Sadly, this skill seems to be disappearing in our society, especially online, but in an academic context, one must learn to do just that. Spidle is a bibliophile. He has books in every conceivable nook and cranny of his home. When he read about the fire at the Library of Alexandria in Egypt, he wept.
He sees knowledge as something that is passed down through the ages, as is the love of learning. “We’re passing the torch, just by what this is doing,” he says.
Spidle already has two degrees, but he thinks that anyone can succeed at the program.

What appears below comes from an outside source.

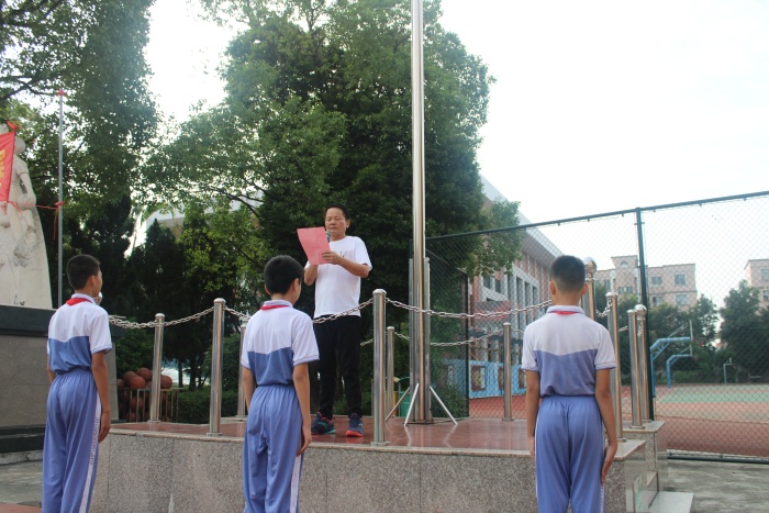 活動(dòng)伊始,全校師生面向升旗臺(tái)升國(guó)旗,唱國(guó)歌,少先隊(duì)員向鮮紅的五星紅旗莊嚴(yán)敬禮。緊接著,海洲第二小學(xué)陳富權(quán)校長(zhǎng)面向全校師生發(fā)表國(guó)旗下講話,陳富權(quán)校長(zhǎng)圍繞“感恩、知國(guó)、報(bào)國(guó)、安全”四個(gè)方面,強(qiáng)調(diào)應(yīng)常懷感恩之心,要主動(dòng)了解偉大的祖國(guó),為國(guó)家富強(qiáng)民族復(fù)興而努力學(xué)習(xí),有強(qiáng)健的身體、有堅(jiān)強(qiáng)的意志,以報(bào)效國(guó)家、傳承文明。最后,陳富權(quán)校長(zhǎng)總結(jié),八天漫長(zhǎng)的假期,安全要放在首位。

A dyslexic person would be challenged, but they would still pick up a lot from the lectures.
“I would recommend it for anyone, particularly for anyone at the lower end of the socioeconomic spectrum,” he says. “You’ll never be the same, in a good way.”
Spidle also speaks very highly of the program’s director Mary Lu Roffey-Redden.
“Mary Lu is amazing,” says Spidle. “She is the heart and soul of the program and she is very encouraging and kind.”
Her job is to coordinate all the volunteers and provide a stable presence throughout each class. She loves her job and says it’s “like a box of chocolates” because she never knows what each day will bring, but it’s always something good.
“The students who stick with it are the biggest reward,” says Roffey-Redden. “They find it very interesting and very stimulating to be in a classroom that feels safe and supportive to allow them to be engaged intellectually.”
Halifax Humanities 101 is a cousin of a program started in 1995 in the United States by Earl Shorris called the Clemente Course in the Humanities. In 2003, Halifax community advocates based at St. George’s Anglican Church in the North End of Halifax started the Saint George’s Friends of Clemente Society, a non-profit organization dedicated to enriching the lives of those living in material poverty, through education in the Humanities.
In October 2005, with the cooperation of the city’s universities and the Halifax North Memorial Library, the Society led by organizers Gary Thorne, then rector of St. George’s and Angus Johnston from Kings College launched an eight-month pilot project called Halifax Humanities 101 based on a hugely successful American Clemente Course in the Humanities. Since then, more than 110 students have graduated from the eight-month course of study, which is similar in content to the King’s Foundation Year Program.
Classes in the first year are twice a week. Those who go on to the second-year seminar course, meet once a week. Roffey-Redden says there is a host of people willing to volunteer their time or donate goods or services to the program, including many university professors, who almost line up to get a chance to participate.
Neil Robertson is one such professor, who, along with many colleagues, was recruited to the fold by Thorne, the chaplain at King’s. He says he loves the experience. “It’s amazing teaching,” says Robertson. “It really is teaching like you don’t experience in the ordinary setting.”
The students of Halifax Humanities 101 come from diverse backgrounds—many have faced adversity and some of life’s toughest challenges. That makes for a much different class environment than the ivory tower of academia. For example, some, since the downfall of the Soviet Union, could see teaching Karl Marx as anachronistic.
“For people who have experienced the worst of our economic and social order, they get it,” says Robertson. “It is very powerful to have people speaking from that sense of alienation, to use Marx’s terminology. They ask questions from a place that you don’t expect.”
Conroy says Halifax Humanities was revelatory for her.
“It changed my life in a bunch of different ways,” she says. “For someone to say, ‘What do you think?’ was completely new to me.”
Spidle says he would recommend Halifax Humanities to anyone, especially anyone who wanted to go on to university but didn’t know if they could do it. He’d like to see the program live forever: “I’d like to see the Humanities still going strong when the pyramids are dust.”